The Denmark Place Fire - On the 16th August 1980, in an illegal nightclub at 18 Denmark Place, a disgruntled customer - who felt he'd been overcharged for a drink - set fire to the building, killing 37 occupants. Although there has never been a memorial to the dead, this remains London's deadliest blaze since the Blitz. Murder Mile Walks is the only walk in London that covers this forgotten tragedy. To hear the full story, download episode one of the Murder Mile podcast.
The Colney Hatch Fire - On 27th January 1903, in a timber-framed annex of The Colney Hatch Lunatic Asylum, 52 patients (all female) were burned alive in the Jewish wing, either in their beds or huddled in corners. This remains the worst peacetime fire in London's history since the medieval period. In 1993, Colney Hatch (renamed Friern Hospital) ceased being a psychiatric unit and is now private luxury apartments.

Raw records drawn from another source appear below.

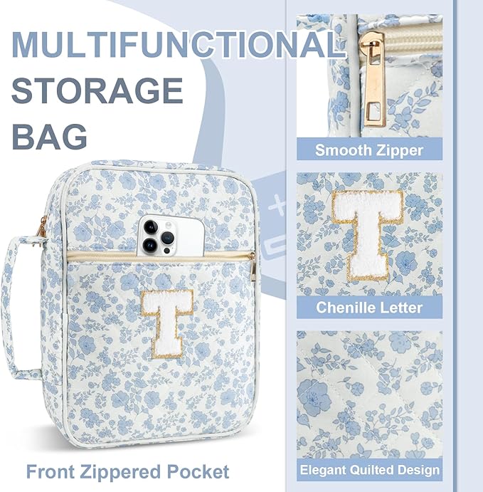 Personalized Initial Bible Cover Case for Women Girls Kid - Large Quilted Bible Case with Handle, Stylish Chenille Letter Bag Study Supplies, Perfect Christmas Gifts for Christians (Blue Flower-T)
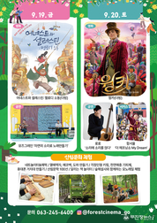 영화와 산림문화가 만나는 특별한 시간, “숲속으로 영화소풍”이 오는 19일부터 21일까지 무주 향로산 자연휴양림에서 개최된다. 산림청과 무주군이 주최하고 한국산림복지진흥원과 (재)무주산골문화재단이 주관하는 이번 행사는 지역 주민과 숲을 찾는 관광객을 대상으로 특별한 문화 향유의 기회를 제공한다는 취지에서 마련되는 것으로, 자연에서 즐길 수 있는 주제의 야외영화 2편(9. 19. (금) “어네스트와 셀레스틴: 멜로디 소동” / 20. (토) “윙키”)과 온 가족이 참여할 수 있는 산림문화 체험, 신나는 숲속 공연 등을 즐길 수 있다. 산림문화 체험으로는 △그물망 놀이터&해먹, △열매 액자와 친환경 가방, △도마 만들기, △걱정 인형 열쇠고리, △천연 해충 기피제, △휴대전화 거치대 만들기, △산림 문학 100선(산림청이 선정한 숲, 나무, 산, 들, 꽃, 풀 등 자연을 주제로 한 문학작품 100권), △달리는 책 놀이터(한국출판문화산업진흥원이 운영하는 전자책, 듣는 책 등), △숲 해설사와 함께하는 모노레일 체험 등이 마련된다. 19일 숲속 공연에서는 ‘뮤즈그레인’과 함께 “자연의 소리로 노래 만들기”를 해 볼 수 있으며 20일에는 ‘로로’의 “소리에
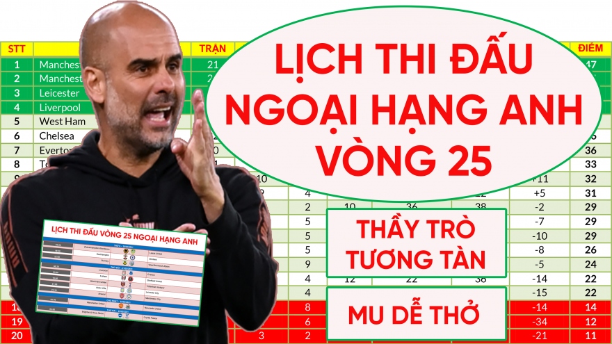 Lịch thi đấu Ngoại hạng Anh vòng 25: MU gặp đối thủ dễ thở, Arsenal đại chiến Man CityVOV.VN - Lịch thi đấu Ngoại hạng Anh (Premier League) 2020/2021 vòng 25, MU gặp đối thủ dễ thở, Arsenal đại chiến Man City.
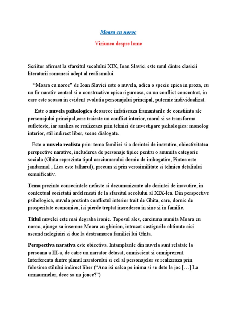 vizitati articolul complet aici : https://www.academia.edu/33698106/Moara_cu_noroc Roxuleeet a intrebat pe data 23 octombrie 2018 in categoria romana: Idei vizita plan de idei ideile principale vizita comoara de ioan slavici rezumat idei principale budulea taichii bunica se pregateste sa moara de anton holban plan de idei domnu trandafir idei principale sobieski si romanii rezumat moara cu noroc idei principale puiul de ioan alexandru. .„moara cu noroc, marian crișan dialoghează cu textul clasicului ardelean (față de care operează câteva simplificări narative, care nu trădează vectorii principali ai reușita majoră a filmului și aportul său creativ la dialogul cu textul și pelicula clasică rezultă din accentul pus pe personajul principal, cu.
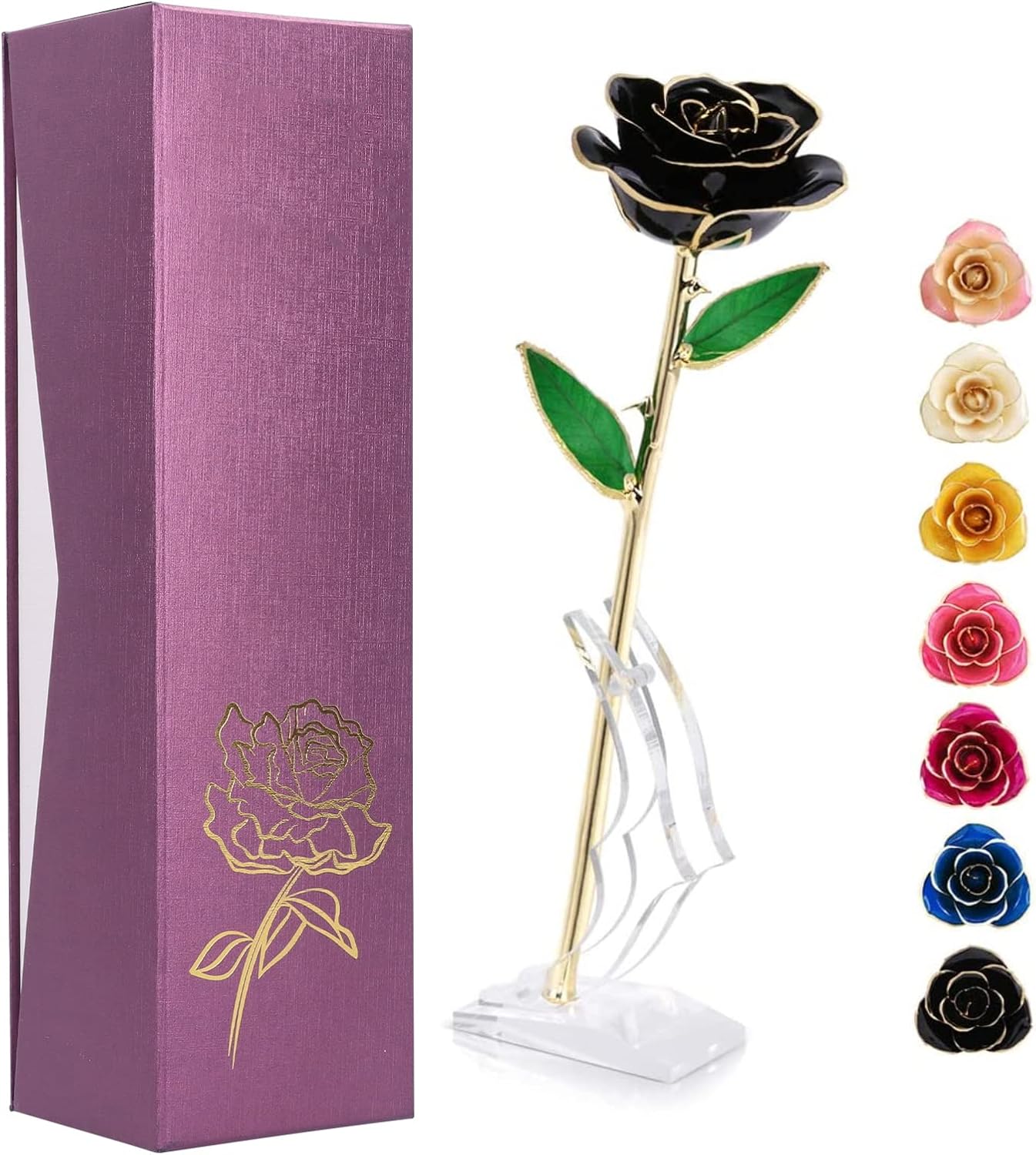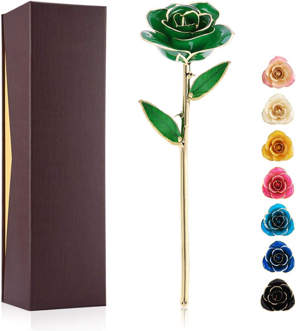 What Makes it a Romantic Gift? Real Roses. Fresh Rose Petals been preserved by resin to Avoid Fading, then coated to remain and Last Forever. Intricate details still remain visible 24K Gold Plating Rose. The whole stem and petals are plated by glittering 24 karat gold. Test Report Included Original Stem Inside. Real plants stem fixed by a metal rod as joint with rose head to gain hardness A token of forever love. Roses symbolize love, gold associated with luxury, quality and glamour. Gold dipped rose is a symbol of devotion and eternal love that will endure a Why Choose Us? A stunning 24K Gold Rose is sure to impress your loved one no matter when its given. Whether its offered as a birthday gift, thank you gift, graduation present, Wedding Anniversary gift. Whether you want show your love, gratitude, sympathy or apologize for wife / girlfriend / best friend / lover / mom / parents / grandma. This 24 Carat Rose will always be great gift choice for her on Birthday, Wedding Anniversary, Engagement, Valentines Day, Mothers Day, Sweetest Day, Thanksgiving, Christmas, etc What Will You Get? 1* 24K Gold Plated Yellow Rose 1* Clear Rose Stand 1* Exquisite Gift Box 1* Test Report 1* Greeting Card 1* Certificate of Authenticity Youll get much more than those . While presenting this well packed 24K rose gift at special moment, you will feel satisfied seeing happiness showing on her smiling face.And even after years, when you two look at this never withered rose, it soon becomes a for a flood of good memories. Then youll find it Worth Every Penny Customer Service We are right here 24/7 when you need any help for anything. Just Seller, we are just a mail away : ) NOTE: Rose Color may vary slightly depending on your monitor/phone settings, etc

The Great Beer Flood - On the 17th October 1814, a colossal beer vat at The Horse Shoe Brewery situated on Tottenham Court Road ruptured, causing a wave of 135,000 gallons of locally brewed Porter Ale to flood the street, killing eight people, including a family who drowned in their own basement. Read more about it in my blog.
The Soho Cholera Outbreak - On the 31st August 1856, several outbreaks of cholera erupted in Soho, killing 616 people (one sixth of Soho's population). How did it start? Who solved it? How was it solved? Why is there a pub named after Dr John Snow on Lexington Street? And how did this tragedy change the way that we all live today? Read the full story in my blog
The Bethnal Green Tube Disaster - On a rainy night on the 3rd March 1943, an air-raid siren sounded, which lured hundreds of people to come to Bethnal Green Underground for shelter from the bombs. Unfortunately in the rush for safety, one person slipped on the wet steps and what followed became the London Underground's deadliest accident, with 173 people killed and 62 injured. Read more here.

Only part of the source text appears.